John, another DPW worker, denounced the attacks on pensions and Kevyn Orr’s claim that Detroiters have been “lazy” and are to blame for the crisis. “I don’t like the privatization or the bankruptcy. We’re going to lose our benefits from the privatization, and we have families that depend upon those benefits. How can you afford to pay the emergency manager hundreds of thousands, and then say there’s no money?”

He continued, “People put in 30 years of service, then they turn around and throw us to the wolves when it’s over. They want to push the payments onto us—they think we’re living too long. Who are they to decide when we are supposed to die? We should enjoy the fruits of our labor after 30 years of service.

“Orr calls us lazy, but we work like dogs for the city, and for slave wages. Yet they think we don’t deserve anything,” John said.

Referring to the DIA, he said, “Everybody should have a right to see that art. Anybody that’s living, breathing and walking should be able to see it.”

The workers who spoke to the WSWS expressed no confidence in the unions, including the Teamsters, which has long negotiated concession contracts for DPW workers. “I told the union we should shut down the whole city but they won’t do anything,” one worker said, adding that the unions had done nothing as the city reduced the DPW workforce from 500 to a little more than 200 workers over the last two decades.

He agreed that the attacks were coming not only from the Republicans but Democrats like Mayor Bing and the Obama administration. “I’m angry at Obama too,” he said.

The workers responded enthusiastically to the Detroit Workers Inquiry into the attack on the DIA and the bankruptcy of Detroit (detroitinquiry.org), which is being sponsored by the Socialist Equality Party and being held on February 15, 2014.

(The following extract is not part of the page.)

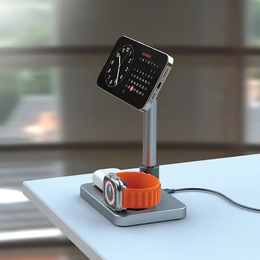 يوفر الشحن اللاسلكي بقوة 15 واط للهواتف، و5 واط لسماعات AirPods، و2.5 واط للساعات الذكية. بفضل التصميم التلسكوبي متعدد الزوايا، يمكنك ضبطه حسب احتياجاتك سواء للشحن أو المشاهدة. كما يغطي مسافة شحن تصل إلى 6 ملم مما يجعله متوافقًا مع معظم أغطية الهواتف. وبفضل نظام الحماية المدمج، فهو يحمي من الشحن الزائد، ارتفاع الحرارة، وقصر الدائرة ليمنحك أمانًا وراحة بال كاملة.

Abby said she did not know that the Obama administration had intervened on behalf of the bankruptcy filing by Kevyn Orr, with the Justice Department filing a brief to block a lawsuit by retirees. “Everything is being done behind the backs of workers,” she said, adding that an inquiry was a good idea because workers needed to have information if they were going to find a way to defend themselves.

A clique of ultra-wealthy individuals, politicians from both big business parties and bankruptcy attorneys led by Michigan Governor Rick Snyder have worked over the past two years to pave the way for a Chapter 9 filing in Detroit. The aim is to circumvent constitutional safeguards against the reduction of pensions owed to public workers and set a precedent for a similar attack in cities and states across the country.

The Socialist Equality Party intends to document and expose this conspiracy as part of its campaign to mobilize Detroit workers against the bankruptcy and the emergency manager.